From 3D Pose to Prose: Biomechanics-Grounded Vision-Language Coaching¶
Conference: CVPR 2026
Paper: CVF Open Access
Code: None (Project Page only)
Area: Multi-modal VLM
Keywords: Fitness Coaching, Streaming Video, 3D Skeletal Kinematics, Biomechanical Constraints, Cross-Attention Fusion
TL;DR¶
BioCoach transforms 3D skeletal kinematics and body measurements from streaming fitness videos into explicit, readable intermediate representations that are fed into a frozen vision/language backbone. Through a three-stage pipeline—"Selecting joints → Computing cycles and constraints → Vision-biomechanical conditioned generation"—it produces precise corrective feedback with joint angles, range of motion (ROM), and phase alignment. On the newly constructed QEVD-bio-fit-coach dataset, it achieves a 262.8% improvement in METEOR compared to Stream-VLM.
Background & Motivation¶
Background: Online/at-home fitness coaching is gaining attention. Recent approaches employ streaming Vision-Language Models (VLMs) to provide feedback while watching videos. For example, Stream-VLM uses <next>/<feedback> action tokens to achieve asynchronous, real-time commentary without requiring prompts.

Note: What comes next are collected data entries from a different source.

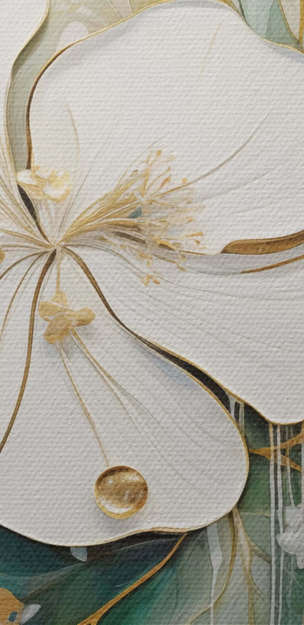 Het schilderij kan direct na ontvangst worden opgehangen. Het schilderij wordt opgespannen op een 2 cm breed houten spieraam.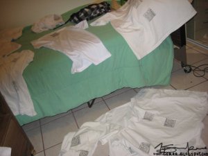 This is how my room looks like. I changed it to my room/office space. It’s where I sleep, blog, dry, package and other business things that I may not be aware of yet. Those shirts on the ground are my practice shirts. Don’t worry. I don’t put the good ones on the ground. I couldn’t. Each one is like my baby.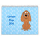 Um calendário do divertimento para 2014 cães bonitos de caracterização dos desenhos animados. Os padrões do fundo estão nas máscaras do azul.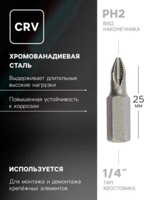 Биты ТУНДРА, намагниченные, сталь CrV, PH2 х 25 мм, 2 шт.. Набор бит TUNDRA basic применяется в качестве сменной оснастки ручного или электрического инструмента для монтажа и демонтажа резьбовых соединений. Материал, из которого изготовлены биты, отличается высокой твердостью и износостойкостью при работе на больших скоростях. Характеристики: <ul> <li> Размер: PH2 / 25 мм. </li> <li> Сталь: CrV. </li> <li> Твердость стали: HRc 48-52. </li> <li> Тип хвостовика: шестигранный. </li> <li> Количество: 2 шт. </li> </ul>
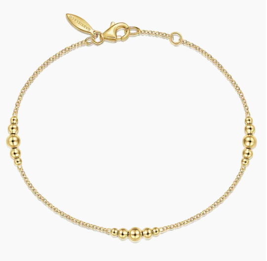 14K YELLOW GOLD GRADUATING BEAD STATIONS BRACELET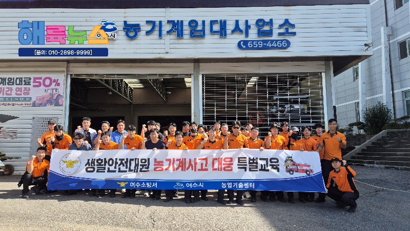 이날 훈련은 여수시 농업기술센터 농기계임대사업소에서 소방공무원 30여명이 참석하여 진행되었으며, 농기계별 사고 대응 능력 강화와 신속한 안전사고 대응체계 구성을 통한 지역사회 안전 확립을 위해 마련됐다.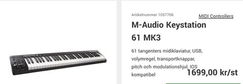 1 000 krM-Audio Keystation 61 MK3 MIDI-keyboard 61 tangenterStockholm30 janKöp nuLastbil i rörelseKan skickasLägg till i favoriter.

Limitations of Prior Work: These methods essentially operate only on pixel-level features. They (1) mostly rely on prompt-driven mechanisms, making it difficult to autonomously identify "moments requiring correction"; (2) lack individual body information, preventing personalization; and (3) do not integrate any symbolic biomechanical constraints. Consequently, feedback is often generic and timed inaccurately—as seen in Figure 1, merely stating "looks good" or "watch your arm range" instead of specific details like "shoulder flexion at 160°–170°, elbow flexion less than 15°."
Key Challenge: Coach-level correction fundamentally requires reasoning over 3D poses, joint angles, range of motion, and movement phases. However, pure pixel-based VLMs conflate body geometry with movement quality during learning, failing to provide verifiable quantitative evidence or explain "why a movement is incorrect." They perform pattern matching rather than evidence-based biomechanical reasoning.
Goal: To enable language models to generate timely, interpretable, and personalized fitness feedback based on explicit kinematic evidence while remaining end-to-end trainable.
Key Insight: The authors propose constructing explicit, readable intermediate representations to "expose" kinematic properties to the language model, rather than treating visual appearance and 3D pose as two unrelated streams or relying solely on pattern learning.
Core Idea: Construct a structured textual context via "skeletal kinematics + biomechanical constraint checking" to serve as explicit instructions for the LLM. This shifts feedback from "pattern matching" to "evidence-based, phase-aware reasoning."
Method¶
Overall Architecture¶
BioCoach aims to output precise, interpretable, and personalized corrective feedback in real-time from a streaming fitness video. It first extracts two complementary modalities from the video—visual appearance (capturing context) and 3D skeletal kinematics (capturing pose and body shape). These are fed into a three-stage pipeline: first, using visual features to select key joints related to the current movement; second, performing cycle detection, reference alignment, and constraint checking on these joints to generate a structured biomechanical context; and finally, fusing visual and body contexts via cross-attention while prepending movement quality context as an instruction to LLaMA-2-7B for feedback generation. During training, the visual 3D CNN and LLM backbone are frozen, and only the cross-attention fusion layers and the joint selection network are updated, ensuring parameter efficiency while preserving pre-trained language priors.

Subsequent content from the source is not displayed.